В противоположность Ричарду III, Макбет не ущербен. Он дегенерирует на наших глазах И история Макбета трагична, потому что она такова в результате искушения и падения, которые нас потрясают, потому что в них нет ничего неизбежного. Все еще. с нимбом «золотого наряда славы» (1, 7, пер. Б. Пастернака), защитника королевства, Макбет кажется сыном света и направляется в тьму, где погрязает. Именно в этом смысле важны начало драмы, происходящее днем, и ее симметрический конец. Физически выраженная темнота появляется только в сцене, когда Макбет, оказавшись на пороге непоправимого, энергично подталкивается своей женой к убийству (I, 7).
Темнота предшествует ночи. Она окружает колдуний в буре, которая отмечает их появление в первой и третьей сцене первого акта. Когда Дункан называет своим преемником своего сына Малькольма, Макбет просит звезды прикрыть свой свет, чтобы никто не смог проникнуть в его планы:
Он требует слепоты, и эта слепота в двух формах, космической и человеческой, провоцирует моральную слепоту. Призыв леди Макбет, чтобы наступила ночь, когда Дункан прибывает в замок, приобретает ключевое значение и относит его в ранг практического предложения, вводя окончательно в проект убийства короля.

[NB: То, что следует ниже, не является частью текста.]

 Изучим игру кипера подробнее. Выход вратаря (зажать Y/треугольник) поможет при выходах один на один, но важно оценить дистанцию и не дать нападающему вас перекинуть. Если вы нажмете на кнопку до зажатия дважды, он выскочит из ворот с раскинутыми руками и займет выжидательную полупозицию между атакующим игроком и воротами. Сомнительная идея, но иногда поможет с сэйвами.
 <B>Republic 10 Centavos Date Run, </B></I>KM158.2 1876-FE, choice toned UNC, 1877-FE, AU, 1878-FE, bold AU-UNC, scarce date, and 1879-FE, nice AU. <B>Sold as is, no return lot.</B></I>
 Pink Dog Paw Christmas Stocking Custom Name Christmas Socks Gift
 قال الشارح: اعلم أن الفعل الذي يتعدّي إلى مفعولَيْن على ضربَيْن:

Изображение слепого и, следовательно, жестокого мрака противопоставлено зрячему дню, и, как следствие, предрасположение к состраданию будет усиливаться в пьесе вплоть до установления в ней манихейской дихотомии. С точки зрения леди Макбет, тень мрака уже изменяет обстановку во время прибытия короля. У нее замок — крепость, помещенная под символ ворона, черного предвестника, зловещей птицы смерти. Доминанта этого видения мрачна как ночь. Ничего подобного нет в видении замка членами кортежа Дункана. Дункан и Банко воспринимают замок как дневной и летний, находящийся под знаком стрижа, вьющего свое гнездо.

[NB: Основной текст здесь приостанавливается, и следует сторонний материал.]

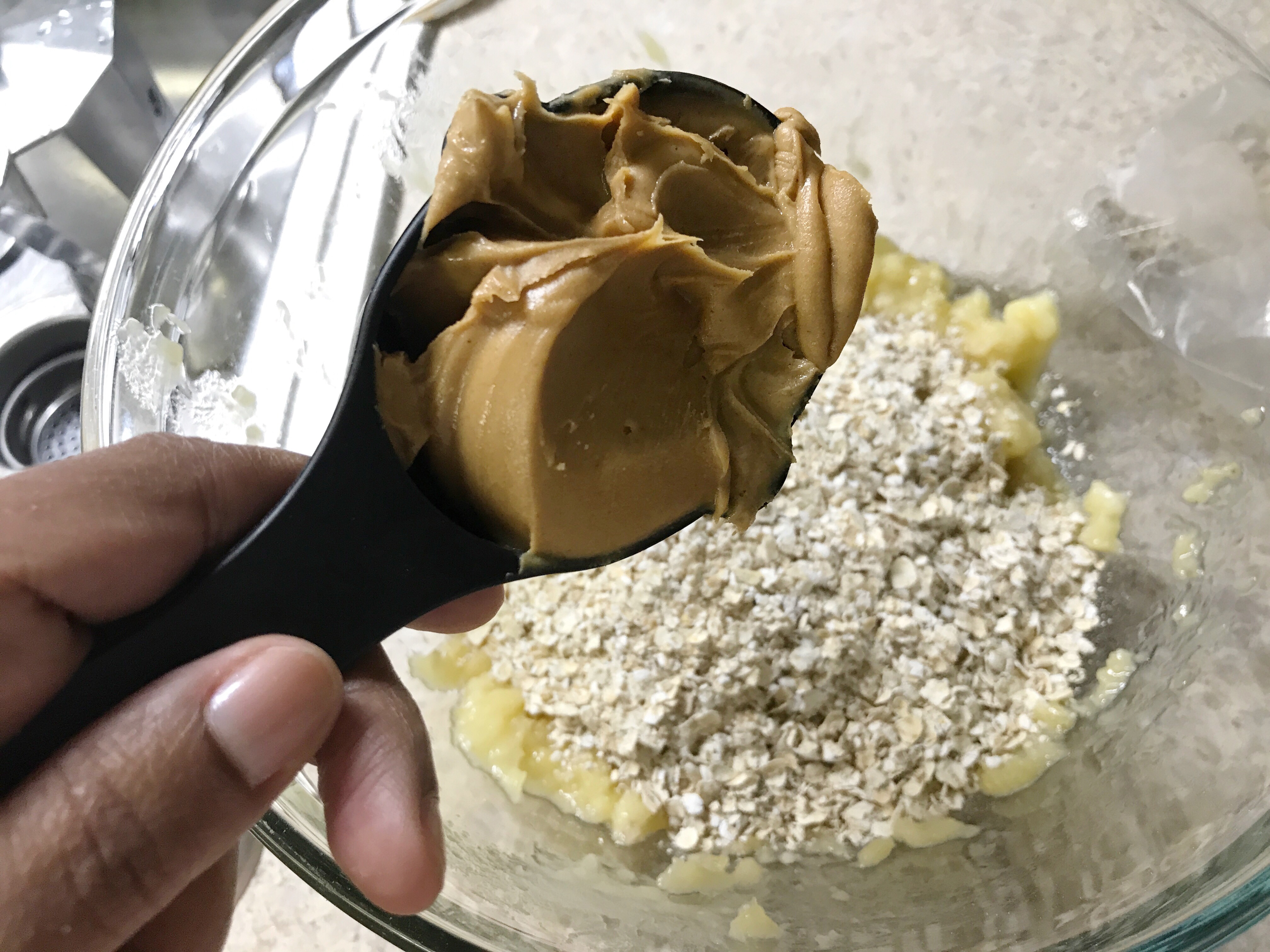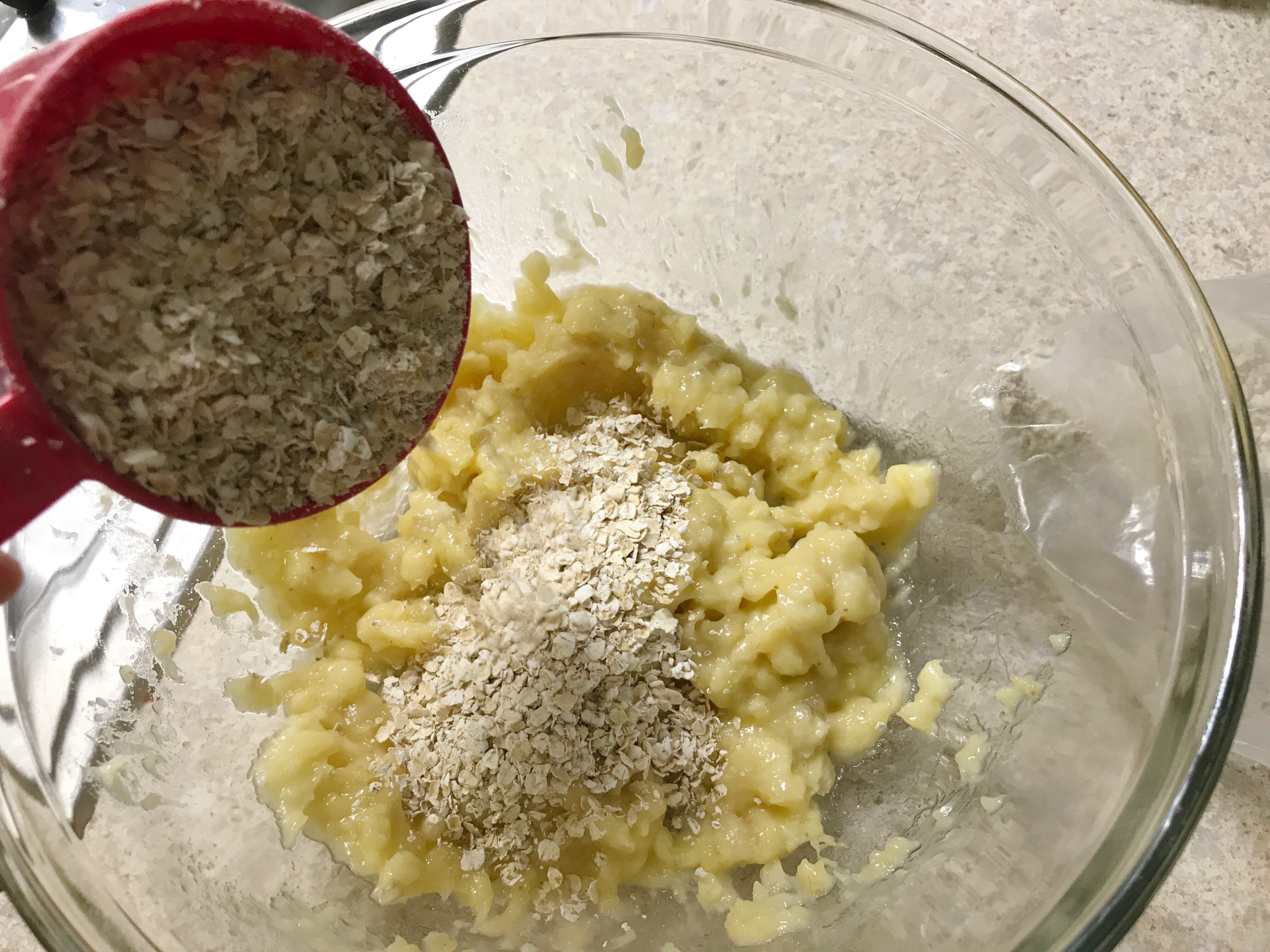Add oats, peanut butter, maple syrup and egg and mix well.

В этом последовательном представлении двух восприятий замка последний невероятно независим от этих восприятий. Он — поэтическое место, где сталкиваются противоположные по своей символике силы: партия мрака и партия света. Существо мрака, как Макбет или леди Макбет, предусмотрительно или цинично ждет, когда наступление ночи установит гармонию между пространством и их планом. Существо света, как Дункан или Банко, совершает ошибку, игнорируя ночь, а с ней и темноту, где безвозвратно пропадает всякий свет.
В молитвах Банко проявляется христианин, восприимчивый к могуществу демона. Христианство, совсем как язычество до него, утверждает, что исходящие из глубин ада лица и формы проникают в мир живых через сны. Христианство имеет в своей негативной мифологии фигуру ночной кобылы, унаследованной от языческой трехликой Гекаты.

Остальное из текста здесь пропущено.